Je ne dénonce rien. J’énonce une parole que je tente d’accorder à une expérience singulière du monde. Essayant de créer, avec des outils discursifs et des mots qui nous échappent, un langage plus vrai, une parole plus « sauvage » comme dirait le Poète. Une poétique. Mais comme tout être humain, je suis en situation embarquée, traversé par les manifestations du monde, ses agitations sociales, ses
langues, ses drives, ses guerres et conflits, ses enchantements et ses enfers ; donc ma poétique adhère étroitement à tout cela, à toute l’organisation de la Cité. Partant, elle tente de viser au cœur tous les mensonges qui nous gouvernent, dans l’espace public, comme privé, cibler tous ces dispositifs de pouvoir qui travaillent nos corps comme nos esprits pour restreindre nos libertés, nos petites politiques collectives ou personnelles. En ce sens, C’est une poétique qui peut être demeure cannibale, caribéenne, et qui aide peut-être à subvertir, ou transgresser l’ordre coloniale-capitaliste.

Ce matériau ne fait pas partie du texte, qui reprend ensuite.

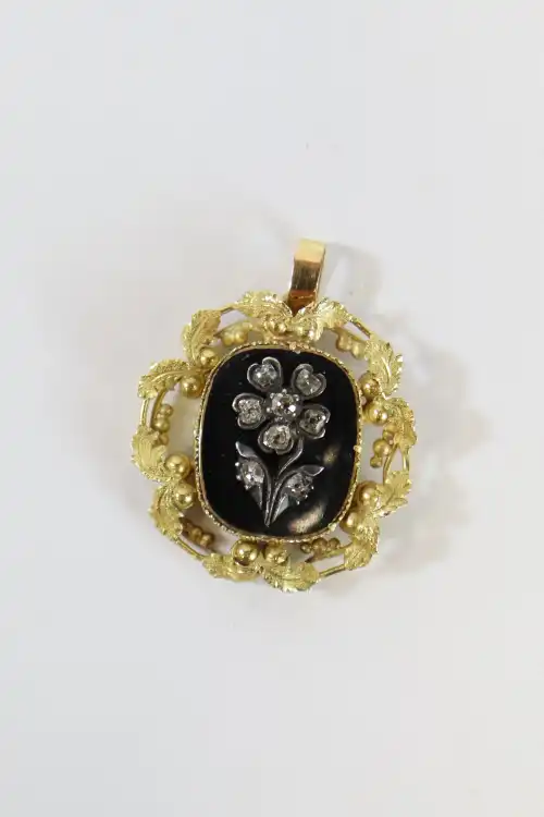 Pendentif en or jaune 18 K (750) orné d'une rose sertie de brillants sur fond émaillé noir. Poids brut : 4.6 g
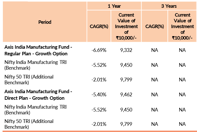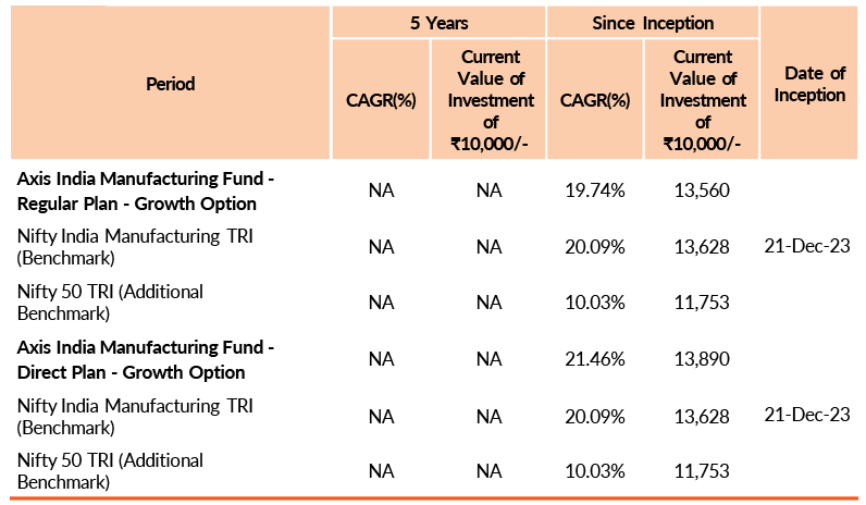 Past performance may or may not be sustained in future.Different plans have different expense structure. Shreyash Devalkar is managing the scheme since 21st December 2023 and he manages 8 schemes of Axis Mutual Fund & Nitin Arora is managing the scheme since 21st December 2023 and he manages 4 schemes of Axis Mutual Fund .Please refer to annexure for performance of all schemes managed by the fund manager. Returns greater than 1 year period are compounded annualised (CAGR). Face Value per unit : ₹ 10.

Pourquoi un pseudo, Loran Kristian?
Loran Kristian n’est pas un pseudonyme. Ce n’est pas un faux nom, pas un nom d’emprunt. Ce sont là mes prénoms transcrits en une graphie « créole ». C’est une manière de reprendre l’initiative et de recréer, là encore. C’est une dépose symbolique du nom
patronymique qu’aucun membre de ma famille n’a choisi pour laisser place, dans la transmission et la filiation, à cette part de liberté constitutive qu’est le choix d’un prénom pour l’enfant de la famille. Le mien comporte aussi celui du Père, indiquant ainsi la relation étroite entre la voie ancestrale et la voix créatrice.

La Martinique et la poésie
Terre caribéenne rattachée à la couronne de France dès 1635, la Martinique a marqué l’histoire moderne mondiale par la richesse de sa culture artistique et culturelle.
En effet, Aimé CESAIRE (poète de la Négritude), Edouard GLISSANT (poète de la Relation et du Tout-monde), Patrick CHAMOISEAU (théoricien de la Créolité et prix Goncourt), ou encore Raphael CONFIANT (poète de la parole créole ), tous reconnus internationalement et tous martiniquais ont forgé a ce petit territoire des outre-mer français de moins de 400k habitants, une réputation de fabrique à grands poètes durant tout le 20e siècle.
Tous ces écrivains ont systématiquement inscrit leur art dans un contexte politique fort (décolonisation ; métissage ; mondialisation ; …). Ils ont institué la poésie martiniquaise comme un outil d’avancement et de dépassement, une « poétique » dont la valeur universelle à retenti bien au-delà du littoral de l’île.
Cette terre volcanique, siège de la tristement célèbre montagne Pelée, marquée par l’histoire de la traitre transatlantique et des réalités sociaux économiques contemporaines parfois rudes, semblait s’être endormie ces dernières décennies.
Mais les fumerolles aujourd’hui réapparaissent, porteuses d’un espoir éruptif nouveau.
NB : Parallèlement à la sortie du recueil, l’actualité antillaise (novembre 2021) est venue rattraper le propos avec des évènements sociaux d’une préoccupante gravité, apportant un éclairage nouveau sur le texte et sa portée politique.